= Pineapple Support =

Mental health nonprofit in porn industry

Pineapple Support is a nonprofit organization that provides free and low-cost mental health therapy to pornographic film actors, producers and others who work in the adult film industry. It was launched in April 2018 by adult performer Leya Tanit in response to a series of deaths in the adult industry in late 2017 and early 2018 resulting from mental illness or addiction, including that of August Ames. In its first two years, Pineapple Support provided over a thousand members of the adult film industry with mental health support and resources, including free and low-cost therapy, counseling and emotional support.

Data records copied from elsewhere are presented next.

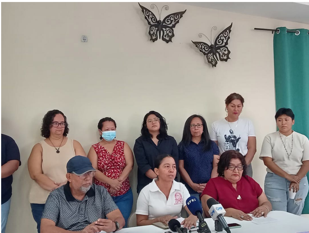
Distintos representantes de organizaciones de la sociedad civil, presentan el “Balance sobre la Situación de Derechos Humanos en El Salvador”, en el marco del primer año del segundo mandato presidencial.
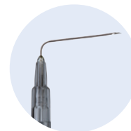
Ambix Safe-Can® 90 Grad gebogen
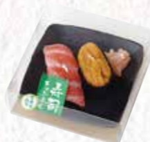
No.32 寿司 (ウニ・大トロ)
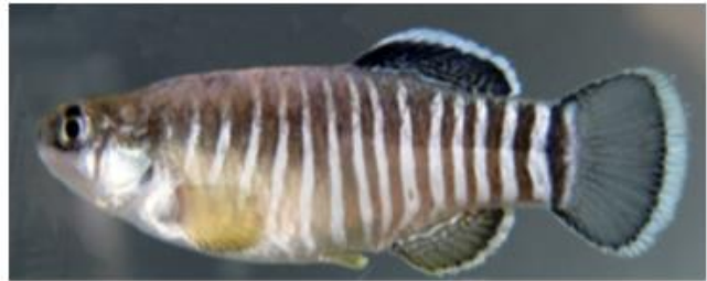
شکل ۳: نمای جانبی جنس نر (سمت راست) و جنس ماده (سمت چپ) گونه Aphanis farsicus . برگرفته از مقاله تیموری و همکاران (۲۰۱۱)

گونه‌های موجود در ایران متمایز می‌شود. این گونه ساکن رودخانه‌ها و چشمه‌های فصلی با آب کم‌عمق و دارای لایه‌های نازک سفید نمک در اطراف و غالباً در حاشیه رودخانه‌ها جایی که آب کم‌عمق، گرم با جریان کند است، زندگی می‌کند. وضعیت این گونه در IUCN ارزیابی نشده است (Froese and Pauly, 2021).
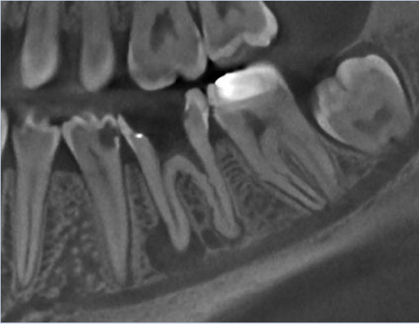
Abb. 3: Beispiel für die enge Lagebeziehung zwischen Entzündungsherd an der Wurzelspitze und den Unterkiefer-Gefühlsnerven
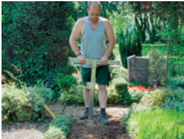
Zeit 00:35 Verankerungssystem setzen
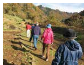
▲自然豊かな里山を散策しませんか？

養士セミナーなど費500円 定 25人(市内在住、在勤、在学の人優先) 持 動きやすい服装、タオル、飲み物、雨具、軍手 申・問 12月1日(金)までに健康づくり課
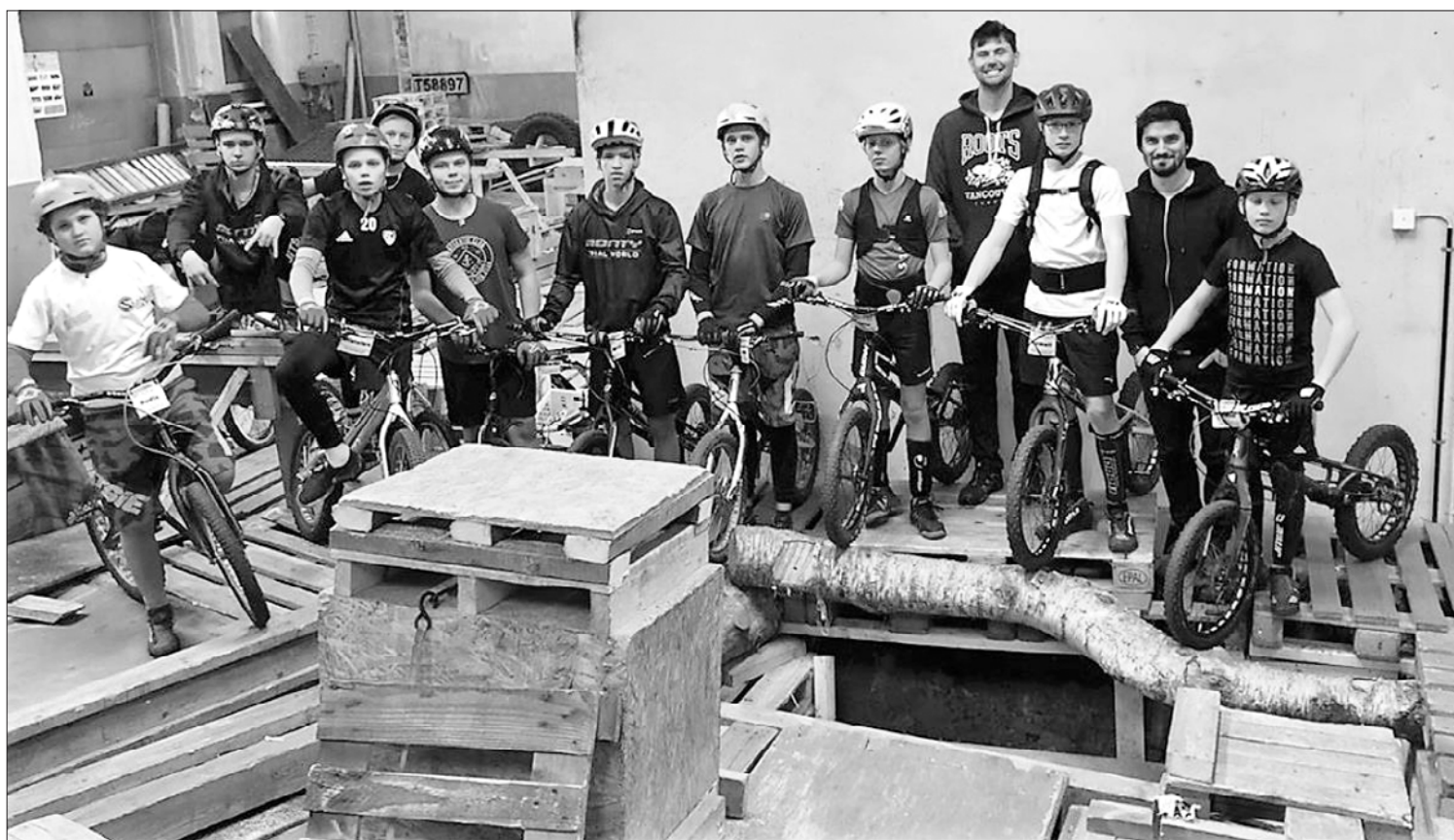
Nometnē Somijā iesaistījās 42 dalībnieki, šeit daļa no viņiem.

Nometnes dalībnieki atzīst, ka Somijā pavadītais laiks bijis patīkams. Pēc vairākkārtējas Latvijas sportistu viesošānās Somijā beidzot ir pamatotas cerības redzēt arī Somijas velotriāla pārstāvjus kādās sacensībās Latvijā. Pēdējo reizi kāds Somijas velotriāla brau-
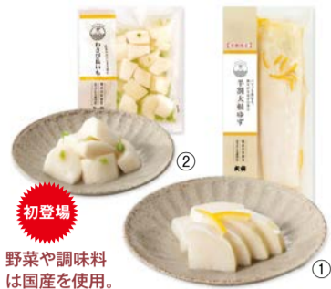
【京つけもの 大安】 京都府京都市 ①半割大根ゆず(1本) ..... 756円 ②わさび長いも(100g) ..... 594円
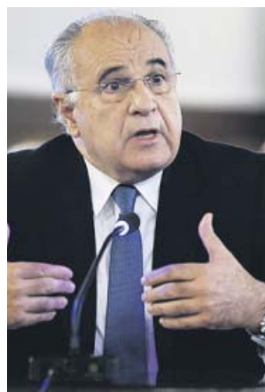
El exconseller, en una vista del primer juicio.

El letrado del ex jefe de área de la extinta Conselleria de Solidaridad dirigida por Rafael Blasco anunció al inicio de su intervención en la sesión de cuestiones previas que iba a ser «innovador» y pidió que se suspendiera el juicio o, en todo caso, que solo se celebre con aque-
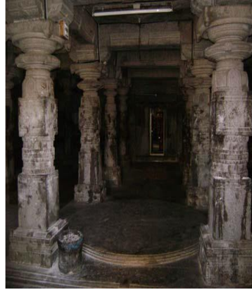
ಮಲ್ಲಿಕಾರ್ಜುನಸ್ವಾಮಿ ದೇವಾಲಯದ ನವರಂಗ
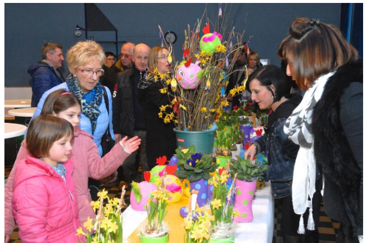
Marché de Pâques à l'école de Les Waleffes

Autres photos disponibles sur le site www.faimonsnous.be
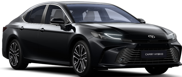
Қара металлик (218)
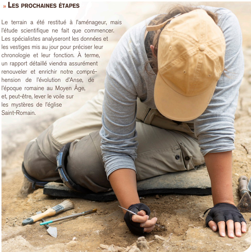
Fig.9 : Fouille minutieuse d'une sépulture.

Le terrain a été restitué à l'aménageur, mais l'étude scientifique ne fait que commencer. Les spécialistes analyseront les données et les vestiges mis au jour pour préciser leur chronologie et leur fonction. À terme, un rapport détaillé viendra assurément renouveler et enrichir notre compréhension de l'évolution d'Anse, de l'époque romaine au Moyen Âge, et, peut-être, lever le voile sur les mystères de l'église Saint-Romain.
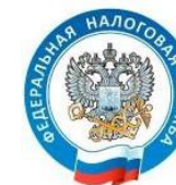
Межрегиональная инспекция Федеральной налоговой службы по крупнейшим налогоплательщикам № 6
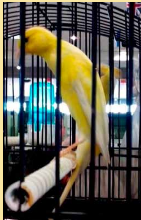
Scotch Fancy giallo brinato
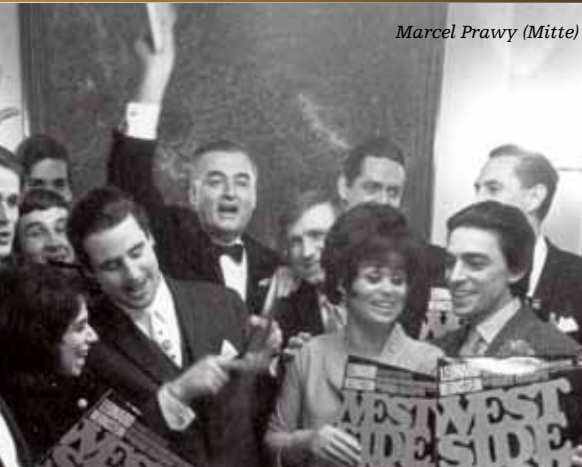
Marcel Prawy (Mitte)
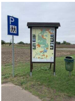
Wanderweg "Plötzkauer Auenwald"
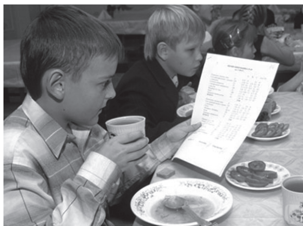
Благодаря нашей настойчивости удалось сохранить бесплатное питание для школьников из малообеспеченных семей.
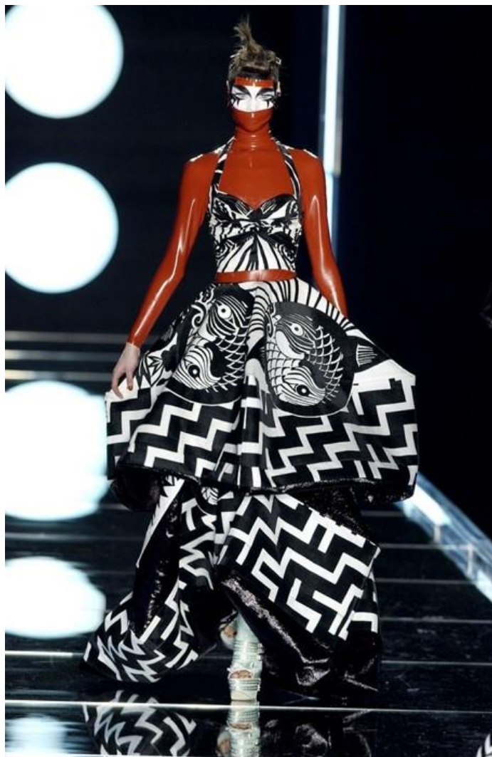
Slika 3. Christian Dior Autumn/Winter 2003.

potvrđuje kako je interpretacija fetišizma u modi poprilično konfuzna te bitna odrednica višeznačnih simbola. 45
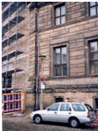
Die Universität braucht auch zusätzliches Geld, um Hochschulbauten zu sanieren – wie in die Dorotheenstraße 1.

„Wenn der erreichte Standard gehalten und fortentwickelt werden soll, muss der Senat diese Erwartung mit einer höheren Grundfinanzierung absichern, denn sonst müssten Studienplätze abgebaut werden“, sagte HU-Präsident Prof. Jan-Hendrik Olbertz. Für die ansteigenden Tarife und die wachsenden Pensionslasten erwarten die Universitäten im Jahr 2017 eine Steigerung von 77,6 Millionen Euro. Unklar ist, wie die zusätzlichen Personalkosten gedeckt werden, die sich aus dem Gerichtsurteil zur W-2-Besoldung ergeben. Die Universitäten haben errechnet, dass die Inflation und die steigenden Ener-
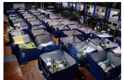
パーテーションのイメージ
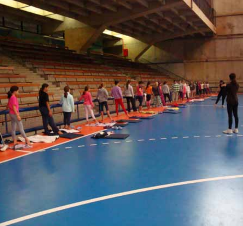
A habilidade das atletas dentro e fora da água

Parabéns a equipe técnica pela ação e às nossas atletas que não medem esforços para subirem ao podium.
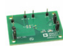
ADM8614-EVALZ ADI (Analog Devices, Inc.) EVAL BOARD FOR ADM8614
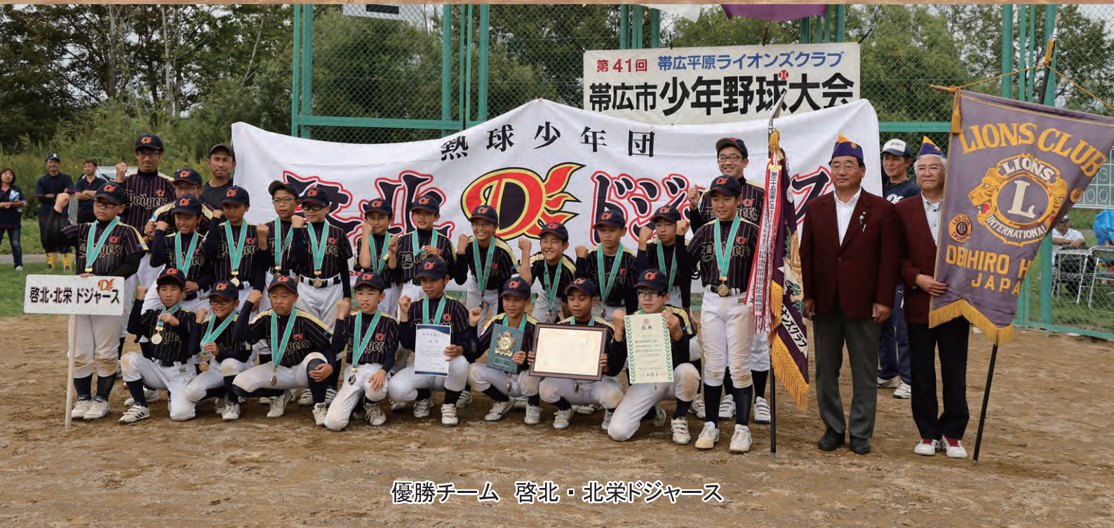
優勝チーム 啓北・北栄ドジャース
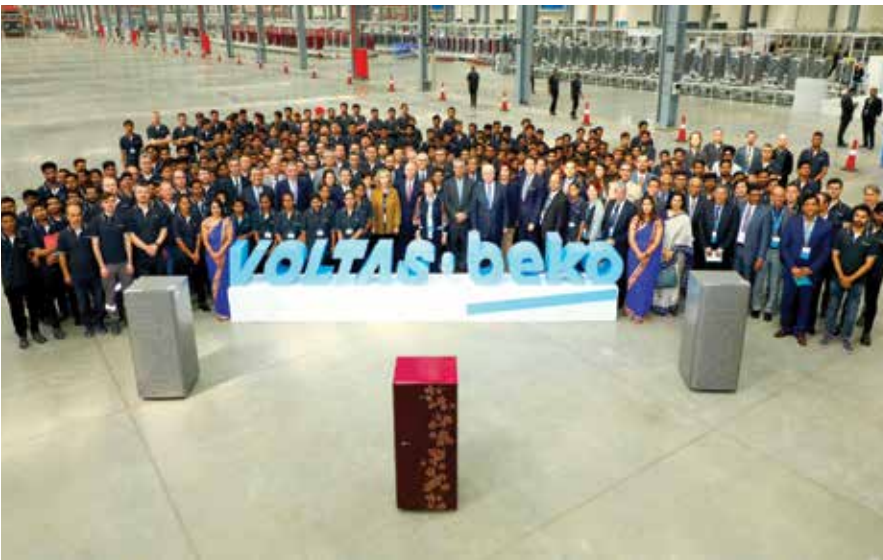
Arçelik ve TATA ortaklığıyla Hindistan'da kurulan Beko Voltas Şirketi, son yıllardaki önemli yurt dışı yatırımlarından biri oldu.

Pineapple Support brings therapists to the AVN Awards to provide free, walk-in sessions for adult performers. In October 2019, Pineapple Support hosted the first online mental health summit specifically for the adult film industry, featuring sessions with over a dozen therapists. Pineapple Support works with over one hundred therapists worldwide and receives major funding from adult industry sources such as Pornhub, xHamster, Kink.com and Chaturbate. Pineapple Support says it has helped over 5000 performers and online sex workers, through both therapy referrals, active listening, and event partnerships with adult industry leaders, such as a Suicide Prevention Webinar hosted with non-profit advocacy group Free Speech Coalition or a Restorative Yoga Workshop hosted with the cam site XLoveCam(Shoshoro N.V.).

Tanit chose the name "Pineapple" because it is a common safeword in the BDSM community, and she wanted the organization to be "a safeword for performers."